Ryazanov’s arguments for dooming Lenur Khalilov to die very painfully in a Russian prison colony are profoundly cynical, as indeed were the charges Russia used for these and well over a hundred other arrests of law-abiding Crimean Tatars and other Crimean Muslims.
12-18-year sentences for religious independence and human rights activism

Lenur Khalilov (b. 8 December 1967) is one of four recognized Crimean Tatar political prisoners arrested on 10 June 2019. after armed ‘searches’ which made no pretence of looking for anything but ‘prohibited religious literature’. Ruslan Mesutov (b. 1965); Ruslan Nagayev, (b. 1964); and Eldar Kantimirov (b. 1980) were sentenced to 18, 13 and 12 years, respectively and remain in Russian captivity.
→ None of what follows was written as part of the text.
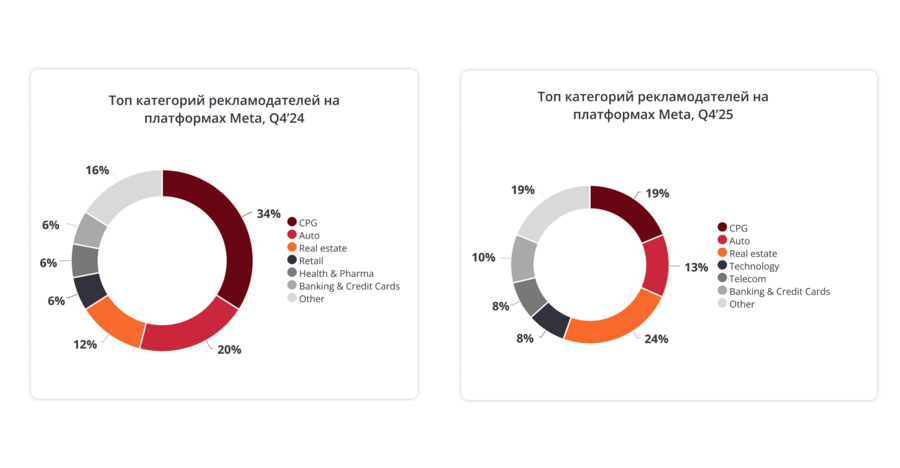 Распределение рекламных бюджетов в Meta за год заметно изменилось. Если в Q4 2024 основную долю занимал сегмент CPG (34%), то в Q4 2025 его доля снизилась до 19%. При этом выросла категория Real Estate – с 12% до 24%, став одним из лидеров. Категория Auto, наоборот, сократилась с 20% до 13%. В целом рынок стал более сбалансированным: бюджеты перераспределяются между категориями, а конкуренция усиливается.²

Although in most aspects one of Russia’s most notorious conveyor belt ‘trials’ where long sentences are guaranteed from the moment the armed searches begin, there was one specific detail. Lenur Khalilov was imam and head of the independent ‘Alushta’ religious community which the occupation regime was trying to crush, while Ruslan Mesutov was an active member of the community, as was another political prisoner and Amnesty International prisoner of conscience Muslim Aliev. The arrests on 10 June 2019 came just two weeks before the Alushta community’s legal challenge against the occupation regime’s seizure of the 19th century Yukhary-Dzhami Mosque which the community has legally occupied since 1994. Ruslan Nagayev was probably also targeted for his ‘religious dissidence’, while Eldar Kantemirov’s had actively defended political prisoners, with this, in occupied Crimea, enough to have the FSB come for you.
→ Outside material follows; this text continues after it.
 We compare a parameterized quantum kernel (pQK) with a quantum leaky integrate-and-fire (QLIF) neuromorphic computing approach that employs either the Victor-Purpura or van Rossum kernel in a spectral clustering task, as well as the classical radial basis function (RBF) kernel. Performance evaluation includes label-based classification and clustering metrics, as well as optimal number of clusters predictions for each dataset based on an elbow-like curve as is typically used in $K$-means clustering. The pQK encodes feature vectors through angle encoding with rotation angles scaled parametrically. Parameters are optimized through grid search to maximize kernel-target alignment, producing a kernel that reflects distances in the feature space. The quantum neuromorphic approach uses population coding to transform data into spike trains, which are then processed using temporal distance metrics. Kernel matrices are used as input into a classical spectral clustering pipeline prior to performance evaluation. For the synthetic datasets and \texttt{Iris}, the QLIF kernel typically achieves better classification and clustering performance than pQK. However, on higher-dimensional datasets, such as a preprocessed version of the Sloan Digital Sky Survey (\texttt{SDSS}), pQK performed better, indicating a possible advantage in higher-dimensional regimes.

The men were accused only of unproven involvement in Hizb ut-Tahrir , a peaceful transnational Muslim organization which is legal in Ukraine. Russia became the first country in the world (joined in 2016 by Uzbekistan) to declare Hizb ut-Tahrir ‘terrorist in a 2003 Supreme Court ruling passed behind closed doors. with neither Hizb ut-Tahrir members, nor human rights NGOs given a chance to make submissions. No adequate explanation has ever been provided for labelling as ‘terrorist’ an organization which is not known to have committed, or even threatened, acts of terrorism or violence in Russia or anywhere else in the world.
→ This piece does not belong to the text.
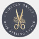 Étiquette votre correspondance ou vos produits avec ces autocollants chic qui correspondent à notre suite de marque du logo des ciseaux floraux pour coiffeurs et salons. Les autocollants bleu marine riches présentent au centre un faux ciseaux doré, avec deux champs de texte courbant autour de l'extérieur, en lettres blanches classiques.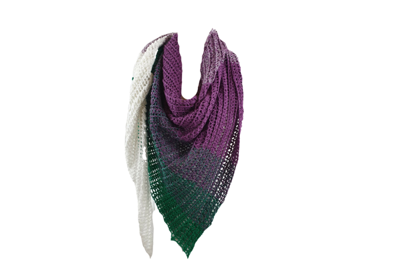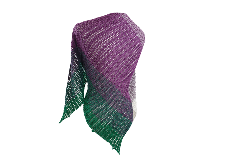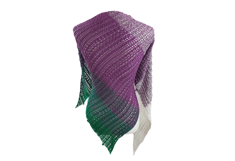 Für das Tuch wurde Bobbel "Mosaik" von MT.Bobbelwelt verwendet. 1000LL 3Fädig und mit

Lenur Khalilov and Ruslan Mesutov were charged with the more serious ‘organizer’ role under Article 205.5 § 1 of Russia’s criminal code; Eldar Kantimirov and Ruslan Nagayev with ‘involvement in such an alleged ‘group’ (Article 205.5 § 2). All four men were also charged, under Article 278, with ‘planning to violently seize power’. The prosecution explained this truly surreal charge by claiming that the four men, as supposed members of Hizb ut-Tahrir, were planning a state coup via ‘“the total Islamization of the population”.
Just as there was no recognizable crime, there was no real evidence, only fake assessments’ by FSB-loyal ‘experts’ and so-called ‘secret witnesses’ who may well Such ‘evidence’, it should be stressed, is only of alleged involvement in a peaceful movement which is legal in Ukraine.
The ‘trial’ took place at the Southern District Military Court in Rostov (Russia) under presiding judge Roman Viktorovich Saprunov, together with Maxim Mikhailovich Nikitin and Rizvan Abdullayevich Zubairov, Like prosecutor Yevgeny Kolpikov, they had taken part in other such political ‘trials’, and provided the monstrous sentences demanded of them on 16 August 2021. The 18-year sentences against Khalilov and Mesutov; 13-year sentence against Nagayev and that of 12 years against Kantemirov – were all in the harshest of Russia’s appalling penal institution, with the first two years in a prison, the very worst, and then in harsh-regime or maximum-security prison colonies, which are all thousands of kilometres from the men’s homes and families in Crimea.
The sentences were all upheld on 14 August 2022 by the Vlasikha military court of appeal.